» WHAT THE EXERCISE ASKS
Output, word for word, the line that contains "Der Ebersbacher Wochenmarkt" and all lines following it to the end of the listing. Drop the pictures.

» DATA BELOW
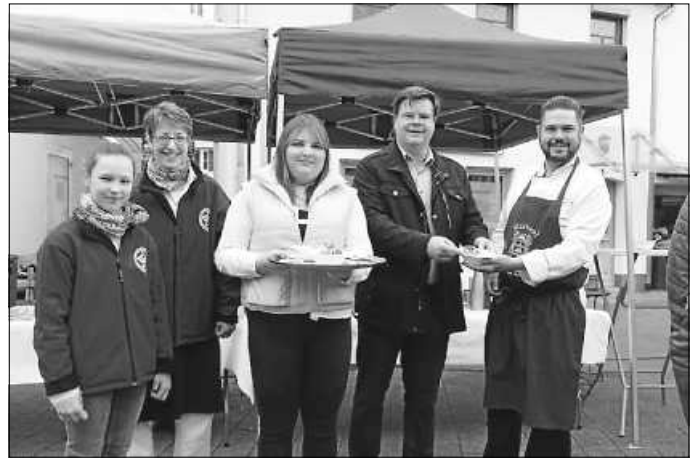
Neben dem „Zum Bäckerhaus“ ist dieses Mal die „Metzgerei Rapp“ ab 9 Uhr dabei.

Der Ebersbacher Wochenmarkt Spargel-Spezial findet am kommenden Samstag statt. Ziel der Spezialmärkte ist es, gastronomische Angebote und den Ebersbacher Einzelhandel mit den Angeboten der regionalen Erzeuger zu verbinden. Gleichzeitig soll damit ein Anreiz gegeben werden, mehr Zeit auf dem Marktgelände zu verbringen und ins Gespräch mit Bekannten und Freunden zu kommen. „Ich freue mich sehr, dass die Metzgerei Rapp den Marktkunden gleich noch köstliche Schinkenvariationen fürs Spargelmenü anbietet.“
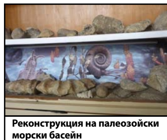
Реконструкция на палеозойски морски басейн

» EXERCISE OUTPUT
Der Ebersbacher Wochenmarkt Spargel-Spezial findet am kommenden Samstag statt. Ziel der Spezialmärkte ist es, gastronomische Angebote und den Ebersbacher Einzelhandel mit den Angeboten der regionalen Erzeuger zu verbinden. Gleichzeitig soll damit ein Anreiz gegeben werden, mehr Zeit auf dem Marktgelände zu verbringen und ins Gespräch mit Bekannten und Freunden zu kommen. „Ich freue mich sehr, dass die Metzgerei Rapp den Marktkunden gleich noch köstliche Schinkenvariationen fürs Spargelmenü anbietet.“
Реконструкция на палеозойски морски басейн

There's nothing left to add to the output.